Task instructions ▸
Beginning with the line containing "Collection Index NumberBD_13301" and ending with the line containing "Laadukkaat vihaiset sukat", write out each line of the records below exactly; pictures and lines outside that range are left out.
════════════════
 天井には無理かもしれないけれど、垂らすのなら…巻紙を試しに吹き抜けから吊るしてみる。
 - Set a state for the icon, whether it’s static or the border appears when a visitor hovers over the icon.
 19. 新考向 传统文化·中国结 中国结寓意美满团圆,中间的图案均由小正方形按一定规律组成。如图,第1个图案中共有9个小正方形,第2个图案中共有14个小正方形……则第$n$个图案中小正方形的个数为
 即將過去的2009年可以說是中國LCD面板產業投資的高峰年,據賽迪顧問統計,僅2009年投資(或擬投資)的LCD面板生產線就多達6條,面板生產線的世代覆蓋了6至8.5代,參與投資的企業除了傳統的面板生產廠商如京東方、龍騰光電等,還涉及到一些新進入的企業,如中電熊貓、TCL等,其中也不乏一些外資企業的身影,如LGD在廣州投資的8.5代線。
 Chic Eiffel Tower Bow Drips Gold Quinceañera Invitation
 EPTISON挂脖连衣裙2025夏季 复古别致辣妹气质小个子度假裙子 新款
════════════════
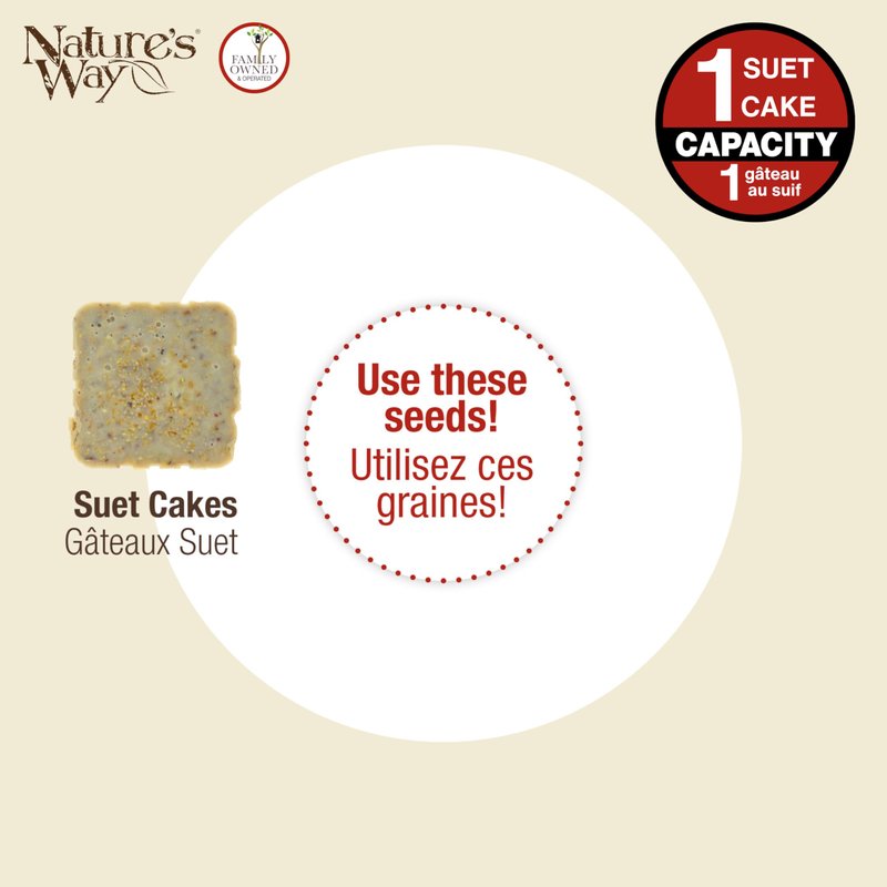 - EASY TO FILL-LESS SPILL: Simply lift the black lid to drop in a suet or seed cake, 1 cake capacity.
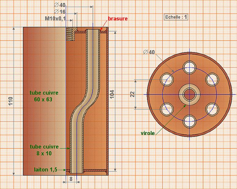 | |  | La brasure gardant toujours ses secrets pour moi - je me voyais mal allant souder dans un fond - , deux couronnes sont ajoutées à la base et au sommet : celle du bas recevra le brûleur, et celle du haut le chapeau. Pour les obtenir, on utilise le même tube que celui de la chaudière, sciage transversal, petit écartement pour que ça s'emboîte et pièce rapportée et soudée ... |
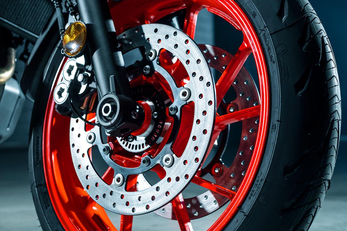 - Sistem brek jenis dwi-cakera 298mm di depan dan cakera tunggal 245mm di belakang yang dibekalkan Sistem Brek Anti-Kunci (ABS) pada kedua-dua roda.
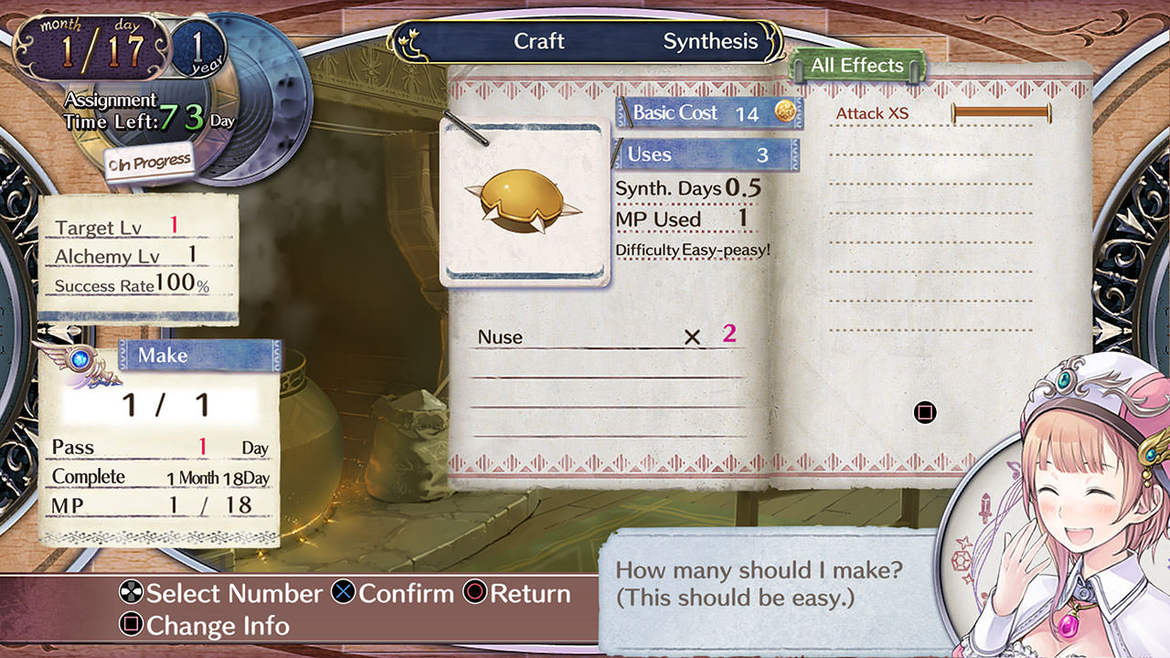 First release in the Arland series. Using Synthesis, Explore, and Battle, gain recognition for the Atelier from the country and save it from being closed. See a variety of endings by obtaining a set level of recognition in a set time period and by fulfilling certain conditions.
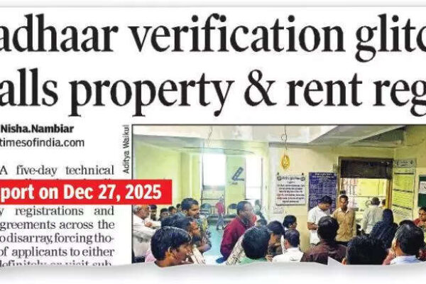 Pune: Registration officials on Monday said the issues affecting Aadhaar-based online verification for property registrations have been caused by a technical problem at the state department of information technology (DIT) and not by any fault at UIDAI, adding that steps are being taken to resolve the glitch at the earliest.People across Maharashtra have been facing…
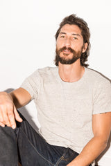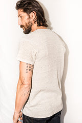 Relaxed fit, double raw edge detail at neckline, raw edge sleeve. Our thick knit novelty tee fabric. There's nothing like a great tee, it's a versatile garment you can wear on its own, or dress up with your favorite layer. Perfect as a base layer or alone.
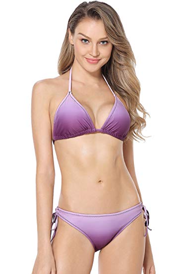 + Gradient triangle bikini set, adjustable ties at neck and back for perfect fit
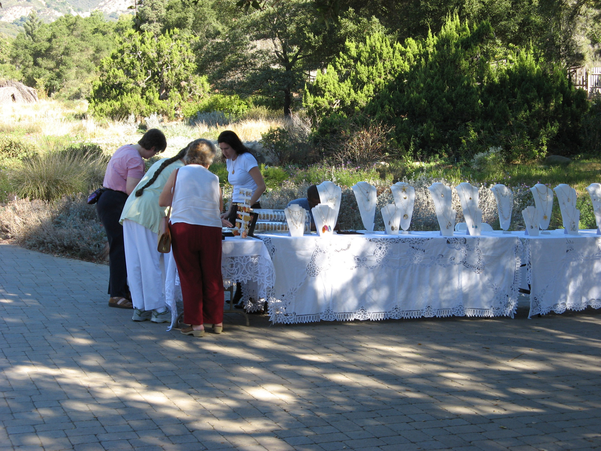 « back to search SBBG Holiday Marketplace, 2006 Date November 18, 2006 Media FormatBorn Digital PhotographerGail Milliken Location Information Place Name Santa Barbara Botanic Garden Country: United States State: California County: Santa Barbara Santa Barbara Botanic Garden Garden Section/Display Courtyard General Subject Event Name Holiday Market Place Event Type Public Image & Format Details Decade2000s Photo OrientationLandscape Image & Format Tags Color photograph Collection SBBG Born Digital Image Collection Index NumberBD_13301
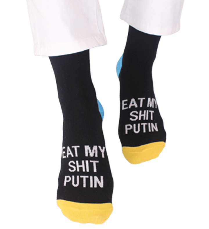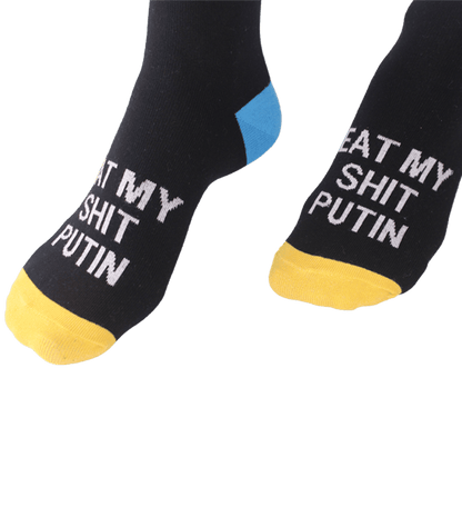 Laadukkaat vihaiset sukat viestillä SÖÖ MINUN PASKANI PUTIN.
════════════════
Answer to the exercise ▸
 « back to search SBBG Holiday Marketplace, 2006 Date November 18, 2006 Media FormatBorn Digital PhotographerGail Milliken Location Information Place Name Santa Barbara Botanic Garden Country: United States State: California County: Santa Barbara Santa Barbara Botanic Garden Garden Section/Display Courtyard General Subject Event Name Holiday Market Place Event Type Public Image & Format Details Decade2000s Photo OrientationLandscape Image & Format Tags Color photograph Collection SBBG Born Digital Image Collection Index NumberBD_13301
 Laadukkaat vihaiset sukat viestillä SÖÖ MINUN PASKANI PUTIN.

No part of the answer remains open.